This case is a Charter Challenge to BC’s Medicare Protection Act. The plaintiffs are arguing that this act violates Sections 7 and 15 of the Canadian Charter of Rights and Freedom, and should therefore be struck down.
Specifically, the plaintiffs, Cambie et al, are arguing that:
- Publicly funded doctors should be able to charge taxpayers in general (through MSP), but should also be able to charge the patients themselves for whatever the market will bear
- B.C. should lift its ban on the sale of private health insurance for publicly insured service
The sections of the Medicare Protection Act that the plaintiffs are challenging are:
Section 14: Election (enrolled doctors can opt out and bill the patient instead of the Medical Services Plan; in these cases, the patient applies for reimbursement from MSP and the physician cannot bill both the patient and MSP for the same service; enrolled doctors also cannot bill above the tariff negotiated between the government and Doctors of BC[CR1] );
Section 17: General limits on direct or extra billing (an enrolled and opted-in physician cannot bill a patient directly for a service included in MSP, or for “materials, consultations, procedures, use of an office, clinic or other place or for any other matters that relate to the rendering of a benefit”);
Section 18: Limits on direct or extra billing by a medical practitioner (enrolled and unenrolled physicians who practise in a public hospital or community care facility may not bill more than the tariff negotiated between the government and Doctors of BC; this restriction does not apply to unenrolled physicians practising in a nonhospital facility);
Section 45: Private insurers (physicians may not charge private insurers for a service included in the Medical Services Plan; only applies to physicians who are enrolled in the MSP).
Removing these restrictions will allow all doctors to charge patients above MSP rates if they so choose.
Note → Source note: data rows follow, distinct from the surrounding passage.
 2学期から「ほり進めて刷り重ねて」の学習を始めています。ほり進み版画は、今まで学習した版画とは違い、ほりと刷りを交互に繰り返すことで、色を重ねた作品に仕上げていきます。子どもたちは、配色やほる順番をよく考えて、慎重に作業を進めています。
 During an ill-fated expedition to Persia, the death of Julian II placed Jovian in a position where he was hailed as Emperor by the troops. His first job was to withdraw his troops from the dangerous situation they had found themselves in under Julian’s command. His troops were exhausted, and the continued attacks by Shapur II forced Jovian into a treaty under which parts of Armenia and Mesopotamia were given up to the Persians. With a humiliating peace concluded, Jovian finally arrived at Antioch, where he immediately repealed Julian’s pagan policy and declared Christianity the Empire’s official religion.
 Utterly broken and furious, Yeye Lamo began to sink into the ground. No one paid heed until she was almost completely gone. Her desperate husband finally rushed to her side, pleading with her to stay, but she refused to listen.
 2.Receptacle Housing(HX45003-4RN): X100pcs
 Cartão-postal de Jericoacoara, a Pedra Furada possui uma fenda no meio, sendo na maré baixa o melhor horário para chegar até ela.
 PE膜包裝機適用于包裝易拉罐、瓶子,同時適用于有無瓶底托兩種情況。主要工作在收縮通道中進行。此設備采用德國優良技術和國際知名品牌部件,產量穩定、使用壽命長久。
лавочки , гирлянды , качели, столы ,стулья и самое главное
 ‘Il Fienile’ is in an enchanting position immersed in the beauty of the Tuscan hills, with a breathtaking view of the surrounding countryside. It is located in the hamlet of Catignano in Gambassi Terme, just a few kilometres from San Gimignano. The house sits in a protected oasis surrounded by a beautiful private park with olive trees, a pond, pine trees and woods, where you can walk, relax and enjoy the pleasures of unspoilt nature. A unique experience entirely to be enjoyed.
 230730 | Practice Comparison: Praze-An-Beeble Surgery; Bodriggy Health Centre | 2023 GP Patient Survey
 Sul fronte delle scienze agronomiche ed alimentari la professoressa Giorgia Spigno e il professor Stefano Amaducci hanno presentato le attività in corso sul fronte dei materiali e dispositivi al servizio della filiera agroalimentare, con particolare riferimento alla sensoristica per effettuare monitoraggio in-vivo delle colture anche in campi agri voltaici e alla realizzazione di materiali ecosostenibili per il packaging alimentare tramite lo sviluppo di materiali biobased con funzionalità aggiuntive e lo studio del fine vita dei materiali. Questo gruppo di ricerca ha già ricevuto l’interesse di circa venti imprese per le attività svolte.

It will also allow private insurance companies to cover the services that people get for free in the public system.
How does BC’s Medical Protection Act relate to the Canada Health Act?
Medicare rests on a complex web of arrangements among federal and provincial governments, each administering their own laws and regulations upholding the right of Canadians to access health services without being driven into poverty or bankruptcy. At the federal level, the Canada Health Act lays out the conditions—including a ban on private insurance for medically necessary services, extra-billing and user fees—that each province must meet to receive federal cash transfers for health.
The provinces, in turn, enact laws that establish which services will be publicly funded. Provincial laws are designed to be consistent with the criteria of the Canada Health Act. In B.C., the purpose of the Medicare Protection Act is to preserve a publicly managed insurance plan and a fiscally sustainable health care system in which access to necessary medical care is based on need and not an individual's ability to pay.
To achieve these objectives, the MPA prohibits extra-billing (charging more than the fees established in the MSP’s payment schedule) and the sale of private health insurance for publicly insured health services. It also prevents doctors from collecting fees from the MSP and then billing additional fees to patients for the same service, a practice known as double-billing. Finally, B.C.’s medicare laws ban facility fees at private surgical clinics, making it illegal for private clinics to charge fees to cover their overheads.
B.C.’s medicare laws do not prevent doctors or clinics from operating on an exclusively private basis. Doctors can legally withdraw from B.C.’s public insurance plan and charge patients directly for publicly insured services at whatever price the market will bear.